When was the last time you were well and truly lost? For those of us who own a smartphone, satnav or laptop, the answer may be quite some time ago. The streets we walk are endlessly documented online, the countryside is comprehensively mapped and even the most winding country lane has had its dimensions captured by the TomToms and Garmins of this world. Even the trusty Ordnance Survey has just announced its presence online. But does this proliferation of digital data mean a golden age of mapping or is it the end of an era for the paper maps that have helped us around the world – and back again – for centuries?
With the increasing technological sophistication of free online applications such as Multimap, MapQuest, and Google's ubiquitous applications Earth, Maps and Street View to help us find our way, wherever we are, the Ordnance Survey has finally bowed to the inevitable and published most of its maps for free online. OS was not only losing its market but also its reputation as the nation's most reliable and innovative supplier of maps. Ever since Gordon Brown's declaration in November that OS material should become freely available, the pressure on the OS to release its data had become irresistible, despite opposition within its ranks. But something had to be done.

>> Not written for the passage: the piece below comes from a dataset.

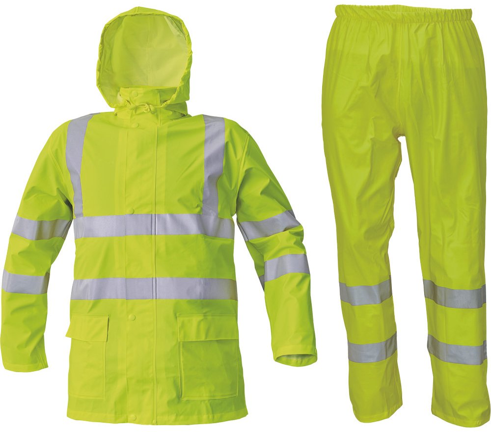• nepromokavý a větruodolný komplet bundy a kalhot • ¾ plášť s kapucí v límci • kalhoty s gumou v pase • reflexní pruhy bundy po obvodu pasu, boků, rukávů a přes ramena • reflexní pruhy kalhot po obvodu spodních nohavic • dvě přední kapsy bundy kryté légami • spodní lem rukávů lze upravit drukem • HI-VIS provedení pouze ve žluté a oranžové barvě

The OS has been caught in the classic dilemma of an established market leader that suddenly finds its product caught out by a shift in technology. Stay where you are and risk stagnation, or become just one more online "geospatial application" (the technical term preferred by techies to describe online mapping), and try catching up with rivals like Google, but on a fraction of their resources. The Ramblers Association complain that the OS's most popular maps, issued on scales of 1:50,000 and 1:25,000 (the much-loved Explorer and Landranger maps) are still not downloadable, while bloggers grumble at the exclusion of Master Map, widely regarded as the main OS product, which still costs you at least £500 for standard licensed use. The OS's problems are compounded by state ownership: when politicians get involved, the outcome is predictably fudged, and it has left the OS stranded somewhere between print and pixels.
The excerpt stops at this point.